A guy walks into a bar.
Inside the bar he sees a blonde sitting at the bar, she's intently watching the 10 pm news. The news story is about a man who's standing atop a building, preparing to jump. The guy says to the blond "I bet you $50 he'll jump". The blonde takes the bet and continuous to watch.
Some time later, the man on the building jumps. The guy turns to the blonde and says "I'm sorry but I can't take your money. I watched this on the 6 pm news and knew he would jump". The blonde replies "I watched it at 6 pm too, but I didn't think he'd jump again"
A concerned husband goes to his priest...
"Father, I think my wife is trying to poison me. Every time she makes me something to eat, the rat poison bottle gets lighter and lighter."
Troubled by hearing this, the priest tells the man, "I will go and speak with your wife and see what is going on here."
The priest then heads to their home and sits down with the wife and has a long discussion. He then comes back to talk to the husband.
"I've spoken with your wife for over 45 minutes about this", the priest said.

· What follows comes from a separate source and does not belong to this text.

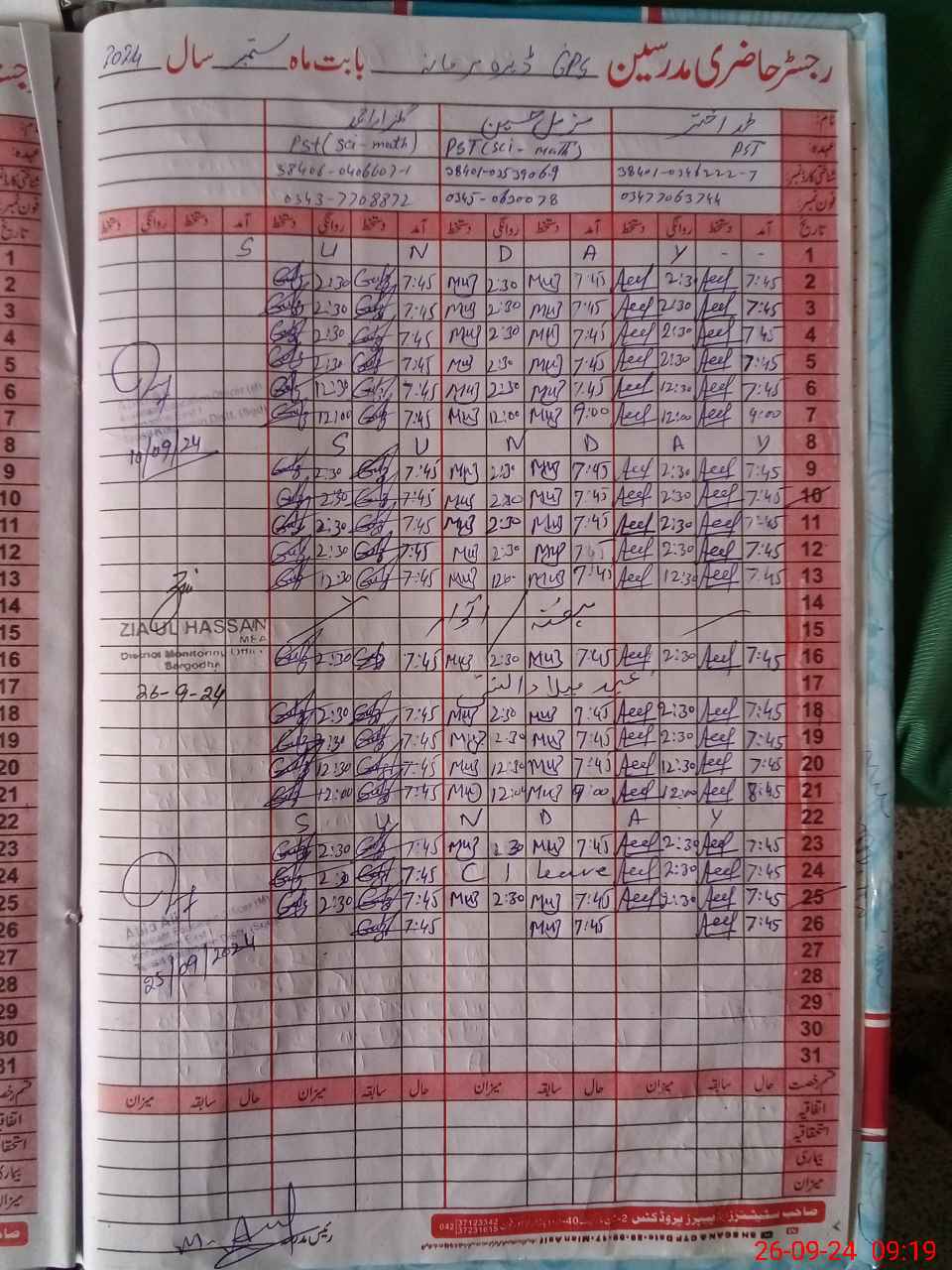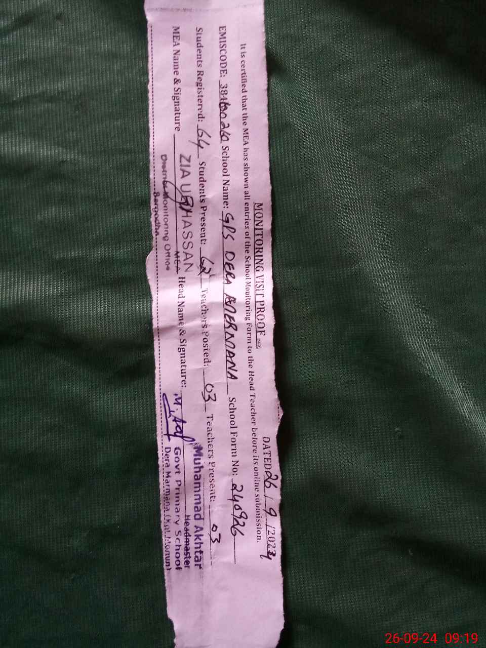 | Monitoring Date: 26-09-2024 | Start Time: 26-09-2024 08:43 AM | End Time: 26-09-2024 09:20 AM | Name of MEA: ZI**** ULHA**** | |

The husband looks intently at the priest, "Yeah, what should I do?"
The priest calmly says "you should take the poison."
An old woman says to an old man at the retirement home, I bet you I can guess your age.
The man doesn't believe her, but tells her to go ahead and try.
Pull down your pants, she says.
She inspects his rear end intently for a few minutes and then says, You're 84 years old.
That's amazing, the man says. How did you know?
You told me yesterday.
A Bank Robber Forgot His Mask
A bank robber wanted to keep his identity a secret, but he forgot to bring his mask. He told everyone in the bank not to look at him or he would shoot them.
One foolhardy customer sneaked a look, and the bank robber did what he said he would... he shot him. The robber asked the crowd if anyone else had seen his face...
One customer, gazing intently at the ground, said "I think my wife got a glimpse."
I was offered $5,000 to sell my account to an advertisement firm
It was a tempting offer, but in the end I had to decline. My morals are strong and intentions are good, just like the wonderful people at Nestle.
The Yeti
A local married couple came forward today and said that a Yeti was spying on them while they were having s**... in their swimming pool, watching them intently before running off into the woods.
Now, I've been called lots of things in the past but that's just mean.
A teenager takes a seat on a bench next to a middle aged man reading a newspaper...
After a few minutes the man looks over and stares intently at the youth's multicolored mohawk. The teenager looks over at the man and says "What's the matter old man, never done anything interesting in your life?"
The man responded, "I once got drunk and had s**... with a parrot, I was just wondering if you were my son."